• [WHAT TO PRODUCE]
Please reproduce the lines of the records below from the one holding "監(jiān)獄圍欄網(wǎ" through the one holding "Wapres KH Ma’ruf", inclusive, skipping all pictures.

• [STORED DATA]
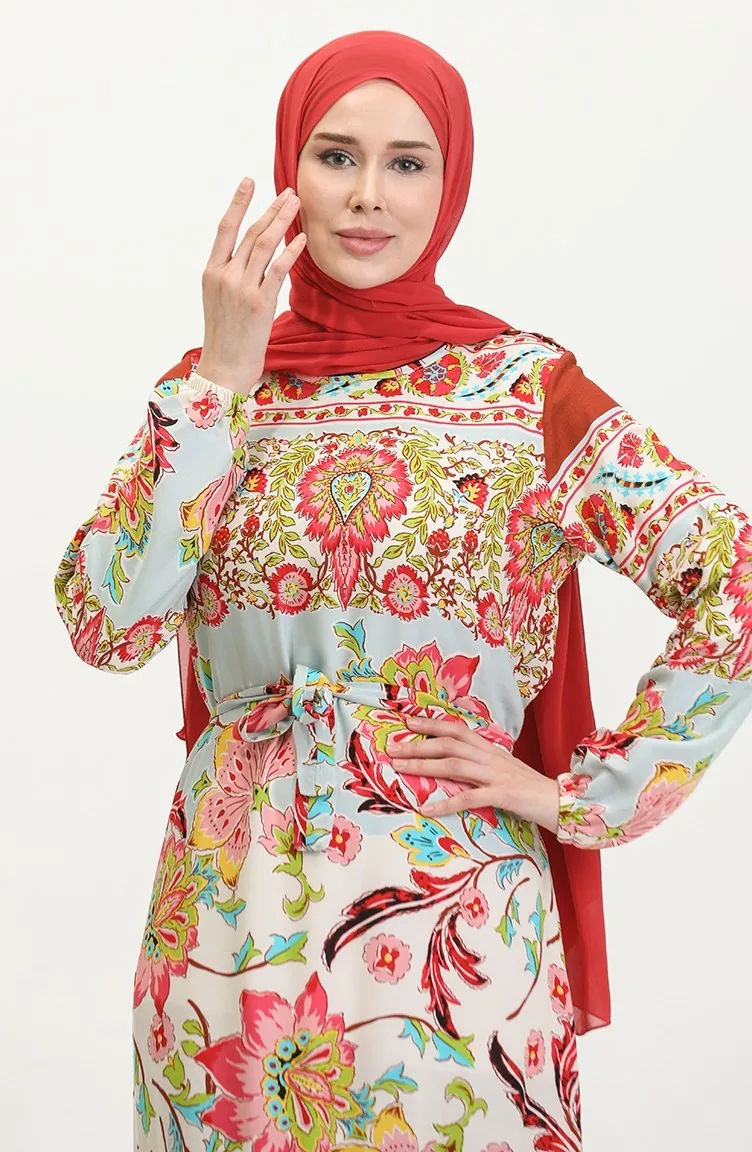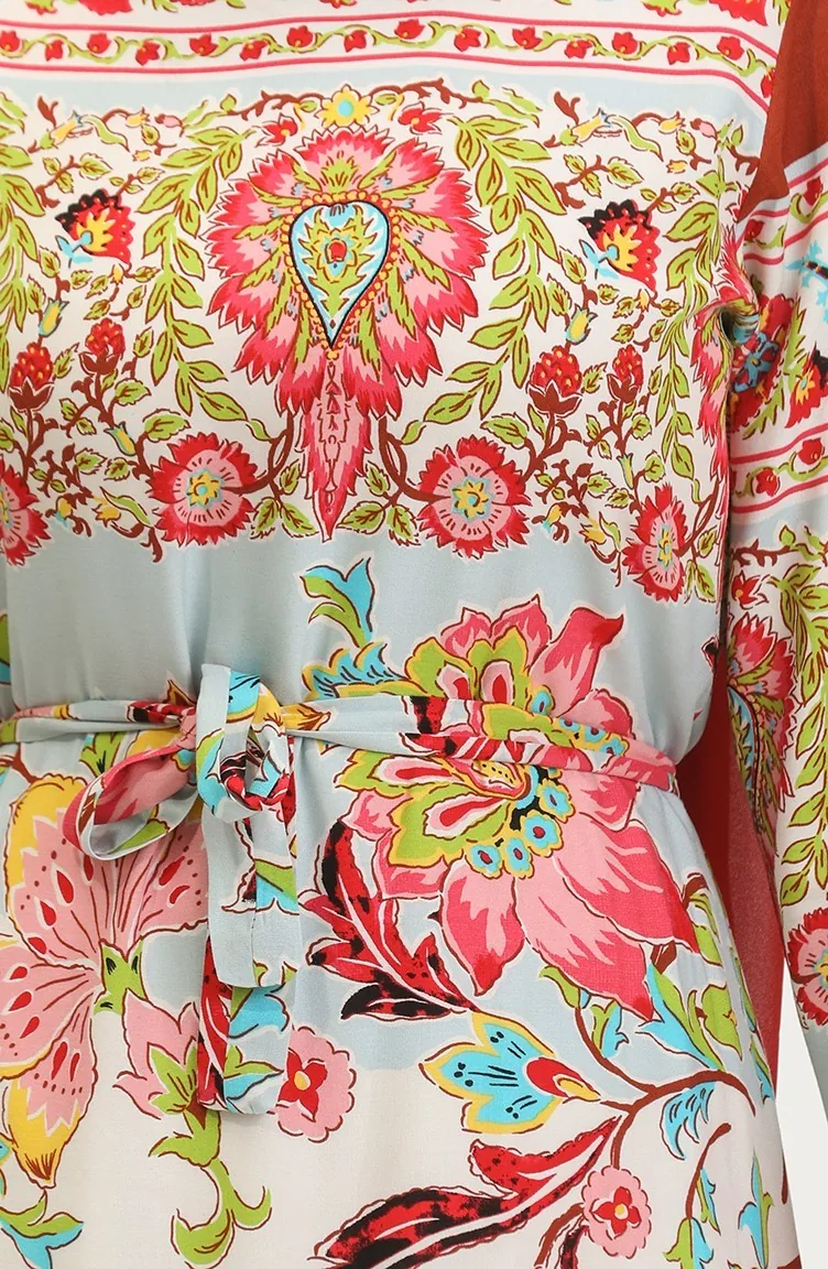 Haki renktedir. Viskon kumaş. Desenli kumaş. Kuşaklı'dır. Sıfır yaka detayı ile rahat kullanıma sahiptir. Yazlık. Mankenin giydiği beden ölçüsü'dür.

---

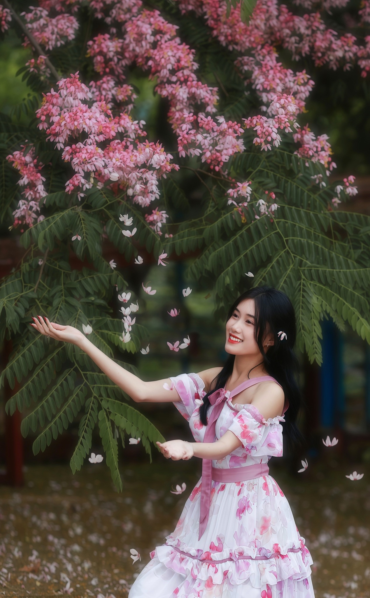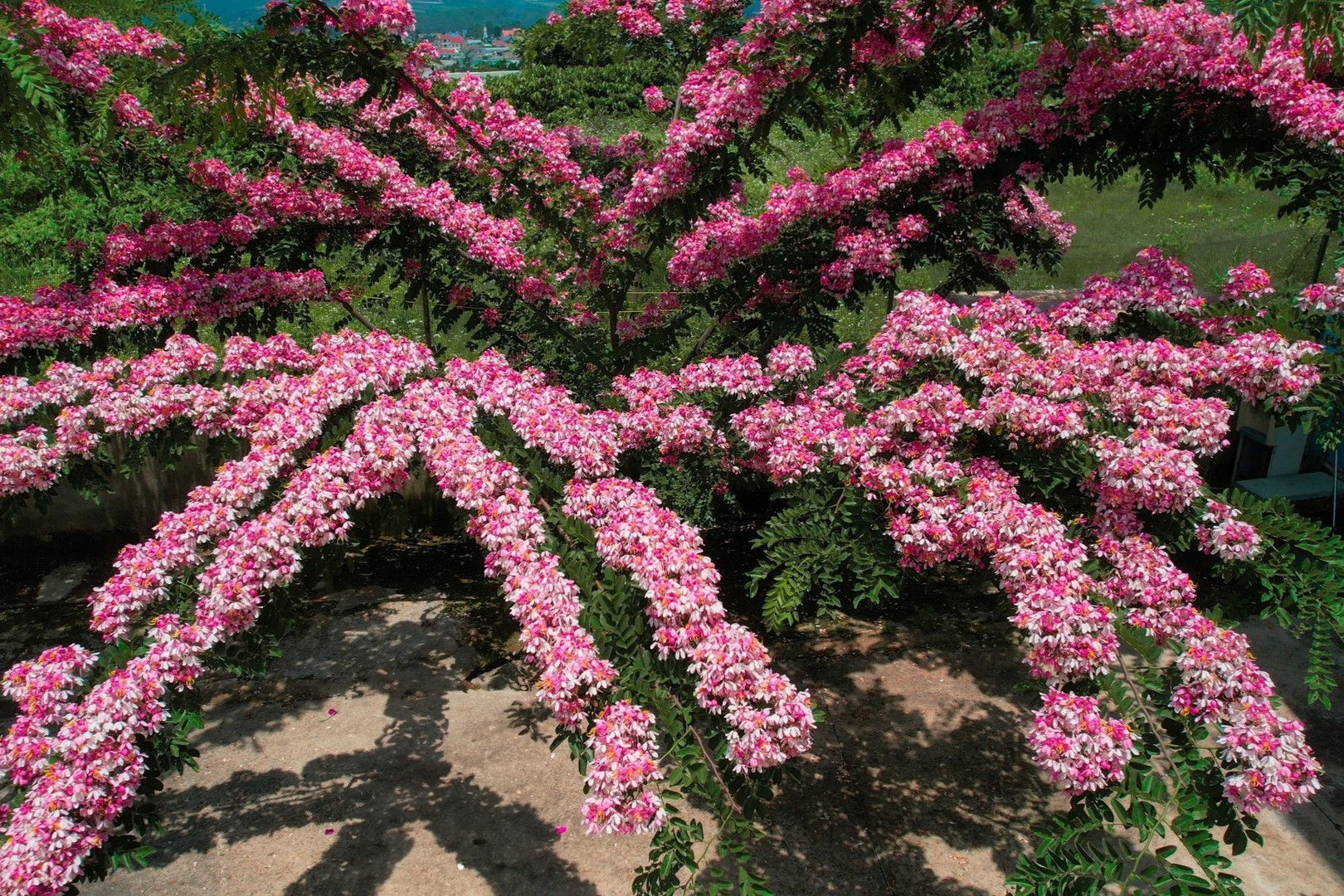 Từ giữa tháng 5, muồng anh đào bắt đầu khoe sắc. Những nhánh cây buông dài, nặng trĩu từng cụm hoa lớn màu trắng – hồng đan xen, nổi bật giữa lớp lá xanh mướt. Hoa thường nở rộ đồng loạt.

==

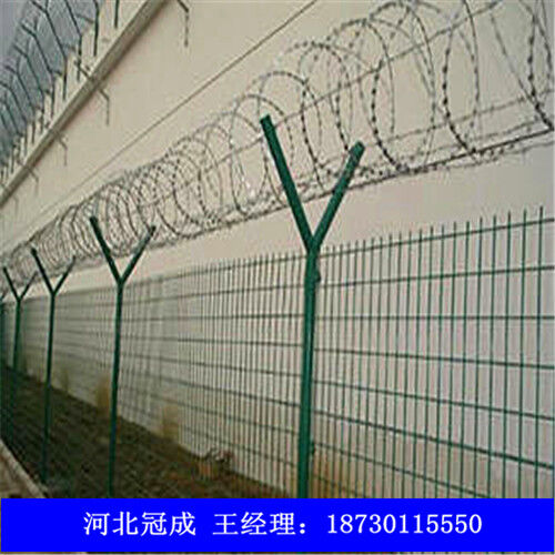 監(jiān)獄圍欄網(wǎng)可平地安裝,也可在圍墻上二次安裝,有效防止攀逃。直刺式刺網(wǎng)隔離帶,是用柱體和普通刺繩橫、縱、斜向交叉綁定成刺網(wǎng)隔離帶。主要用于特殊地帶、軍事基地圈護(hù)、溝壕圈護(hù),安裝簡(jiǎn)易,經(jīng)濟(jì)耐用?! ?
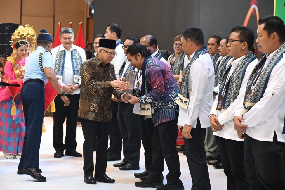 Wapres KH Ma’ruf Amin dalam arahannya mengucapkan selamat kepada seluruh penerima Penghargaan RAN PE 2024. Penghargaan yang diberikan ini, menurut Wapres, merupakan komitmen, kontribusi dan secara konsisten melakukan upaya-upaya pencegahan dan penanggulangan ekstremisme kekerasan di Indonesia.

• [TASK OUTPUT]
 監(jiān)獄圍欄網(wǎng)可平地安裝,也可在圍墻上二次安裝,有效防止攀逃。直刺式刺網(wǎng)隔離帶,是用柱體和普通刺繩橫、縱、斜向交叉綁定成刺網(wǎng)隔離帶。主要用于特殊地帶、軍事基地圈護(hù)、溝壕圈護(hù),安裝簡(jiǎn)易,經(jīng)濟(jì)耐用?! ?
 Wapres KH Ma’ruf Amin dalam arahannya mengucapkan selamat kepada seluruh penerima Penghargaan RAN PE 2024. Penghargaan yang diberikan ini, menurut Wapres, merupakan komitmen, kontribusi dan secara konsisten melakukan upaya-upaya pencegahan dan penanggulangan ekstremisme kekerasan di Indonesia.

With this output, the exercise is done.